I'm genuinely a little confused.
I am active in the adoptive parent community, and a lot of people adopt due to fertility issues. Embryo adoption comes up frequently as an option for prospective adoptive parents, and a surprising number of women really want to go through the experience of pregnancy and birth.
But I know very few people who have gone through with an embryo adoption. I kind of assumed that it was difficult to do. But I might just be misinformed.
It might be that when a mom gives birth to an adopted embryo, she and her family do not identify the child as being adopted, so they fall out of the "adoptive parent' circuit.
I know one single mom who pursued anonymous donor insemination, only to find out she had fertility issues. She then pursued embryo adoption, and found a great situation. A mom, (in Canada) had already had several successful embryo implantations, and had three kids at home. Then her husband died, and she really wanted to "use" the embryos, but did not feel equipped to be a single parent to four. So my neighbor adopted her embryos, and the first attempt didn't take, but then she had a beautiful baby girl. She has a close relationship with the genetic mother, and has taken her daughter to visit her siblings in Canada.

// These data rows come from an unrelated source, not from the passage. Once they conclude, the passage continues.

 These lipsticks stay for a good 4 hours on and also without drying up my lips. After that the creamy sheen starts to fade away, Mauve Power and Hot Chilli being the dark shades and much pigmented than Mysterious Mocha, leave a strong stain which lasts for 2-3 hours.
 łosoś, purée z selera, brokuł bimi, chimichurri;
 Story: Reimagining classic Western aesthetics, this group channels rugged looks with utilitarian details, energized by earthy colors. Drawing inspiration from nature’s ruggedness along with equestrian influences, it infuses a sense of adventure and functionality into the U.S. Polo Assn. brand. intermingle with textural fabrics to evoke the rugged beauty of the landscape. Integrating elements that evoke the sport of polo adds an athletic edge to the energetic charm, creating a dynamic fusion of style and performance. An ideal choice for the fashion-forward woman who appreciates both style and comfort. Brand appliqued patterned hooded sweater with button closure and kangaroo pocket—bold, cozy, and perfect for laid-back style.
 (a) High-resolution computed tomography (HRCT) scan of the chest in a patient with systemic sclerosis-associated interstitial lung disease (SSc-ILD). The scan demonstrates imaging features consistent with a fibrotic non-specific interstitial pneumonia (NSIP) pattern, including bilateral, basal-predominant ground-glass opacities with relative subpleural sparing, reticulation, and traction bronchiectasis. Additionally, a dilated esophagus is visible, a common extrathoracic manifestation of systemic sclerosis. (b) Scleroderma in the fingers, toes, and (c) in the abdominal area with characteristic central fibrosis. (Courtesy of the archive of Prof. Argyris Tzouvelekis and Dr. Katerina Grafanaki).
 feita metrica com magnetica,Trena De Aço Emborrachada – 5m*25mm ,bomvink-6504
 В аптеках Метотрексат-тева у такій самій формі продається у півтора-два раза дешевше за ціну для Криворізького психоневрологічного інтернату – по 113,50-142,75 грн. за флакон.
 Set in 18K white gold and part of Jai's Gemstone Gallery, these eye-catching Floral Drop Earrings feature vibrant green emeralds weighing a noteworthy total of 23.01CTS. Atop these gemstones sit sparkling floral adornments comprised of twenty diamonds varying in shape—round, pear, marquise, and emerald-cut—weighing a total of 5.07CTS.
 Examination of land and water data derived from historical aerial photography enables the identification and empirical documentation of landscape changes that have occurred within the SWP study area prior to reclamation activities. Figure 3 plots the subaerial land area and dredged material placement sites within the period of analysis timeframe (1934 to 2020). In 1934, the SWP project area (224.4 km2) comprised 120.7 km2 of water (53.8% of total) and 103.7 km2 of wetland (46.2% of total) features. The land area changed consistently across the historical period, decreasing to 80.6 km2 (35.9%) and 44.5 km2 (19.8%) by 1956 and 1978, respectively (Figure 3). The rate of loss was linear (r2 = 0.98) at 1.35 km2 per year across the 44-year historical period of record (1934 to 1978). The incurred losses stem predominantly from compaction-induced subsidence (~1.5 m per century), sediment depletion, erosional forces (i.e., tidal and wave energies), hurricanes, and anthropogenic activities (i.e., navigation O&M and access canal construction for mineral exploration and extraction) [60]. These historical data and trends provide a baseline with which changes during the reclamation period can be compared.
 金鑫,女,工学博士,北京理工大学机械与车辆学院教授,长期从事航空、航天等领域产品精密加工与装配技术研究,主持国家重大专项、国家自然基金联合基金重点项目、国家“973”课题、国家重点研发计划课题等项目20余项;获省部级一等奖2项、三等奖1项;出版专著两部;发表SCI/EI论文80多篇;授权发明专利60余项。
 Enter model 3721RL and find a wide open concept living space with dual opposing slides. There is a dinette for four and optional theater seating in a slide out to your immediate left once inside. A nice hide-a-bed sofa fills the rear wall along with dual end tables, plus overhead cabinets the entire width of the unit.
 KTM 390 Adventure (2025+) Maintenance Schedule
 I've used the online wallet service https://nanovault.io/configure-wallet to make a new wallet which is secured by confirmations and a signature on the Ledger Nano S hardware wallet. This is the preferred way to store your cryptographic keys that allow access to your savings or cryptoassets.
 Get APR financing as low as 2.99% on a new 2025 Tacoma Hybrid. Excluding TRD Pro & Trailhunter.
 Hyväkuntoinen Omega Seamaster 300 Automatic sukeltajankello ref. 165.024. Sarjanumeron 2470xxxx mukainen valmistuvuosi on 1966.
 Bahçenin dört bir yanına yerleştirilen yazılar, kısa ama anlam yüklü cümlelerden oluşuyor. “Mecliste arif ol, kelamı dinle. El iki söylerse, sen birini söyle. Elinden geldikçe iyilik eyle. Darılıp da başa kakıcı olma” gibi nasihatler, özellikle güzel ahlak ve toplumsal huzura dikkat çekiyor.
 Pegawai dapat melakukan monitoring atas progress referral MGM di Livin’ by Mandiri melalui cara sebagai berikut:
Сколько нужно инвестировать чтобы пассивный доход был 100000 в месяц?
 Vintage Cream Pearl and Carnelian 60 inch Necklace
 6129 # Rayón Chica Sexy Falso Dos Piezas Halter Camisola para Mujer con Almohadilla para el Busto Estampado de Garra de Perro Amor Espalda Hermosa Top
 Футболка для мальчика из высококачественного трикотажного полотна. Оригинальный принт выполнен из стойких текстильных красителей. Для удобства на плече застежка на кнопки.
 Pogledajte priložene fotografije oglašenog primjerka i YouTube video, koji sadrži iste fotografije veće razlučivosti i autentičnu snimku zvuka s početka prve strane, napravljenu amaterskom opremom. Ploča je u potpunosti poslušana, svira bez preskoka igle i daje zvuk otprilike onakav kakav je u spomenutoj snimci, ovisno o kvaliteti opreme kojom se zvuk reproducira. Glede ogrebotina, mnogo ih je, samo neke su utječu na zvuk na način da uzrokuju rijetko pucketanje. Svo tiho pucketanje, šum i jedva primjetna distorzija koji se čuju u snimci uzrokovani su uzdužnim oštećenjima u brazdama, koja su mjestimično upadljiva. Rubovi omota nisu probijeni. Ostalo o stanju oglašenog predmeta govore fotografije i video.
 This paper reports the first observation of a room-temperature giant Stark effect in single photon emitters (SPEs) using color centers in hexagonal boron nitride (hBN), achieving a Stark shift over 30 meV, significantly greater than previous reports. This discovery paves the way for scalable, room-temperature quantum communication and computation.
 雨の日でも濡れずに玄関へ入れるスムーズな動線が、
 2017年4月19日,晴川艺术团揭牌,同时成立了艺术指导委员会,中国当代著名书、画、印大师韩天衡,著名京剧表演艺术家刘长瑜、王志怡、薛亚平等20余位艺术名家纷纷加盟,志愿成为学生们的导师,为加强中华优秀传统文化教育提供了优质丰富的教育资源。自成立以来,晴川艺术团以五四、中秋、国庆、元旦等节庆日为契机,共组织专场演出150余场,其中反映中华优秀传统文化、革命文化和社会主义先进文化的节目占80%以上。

The genetic mom is thrilled that her deceased husbands genes are living on in another child, and the mom raising the daughter is just thrilled to be a mom. It is a win/win situation.
But what are all of these embryos? I'm trying to understand the psychology here.
Prospective parents who pursue in vitro fertilization are folks who really want to be parents, and who feel strongly that they want to be genetic parents to their children, rather than adoptive parents. So they fertilize a few eggs, and either successfully have a child, or they don't. In either case, they have a few embryos left over. Do they decide to put them up for adoption? Or do they authorize them to be destroyed, and then some Christians take them? The latter is very, very creepy.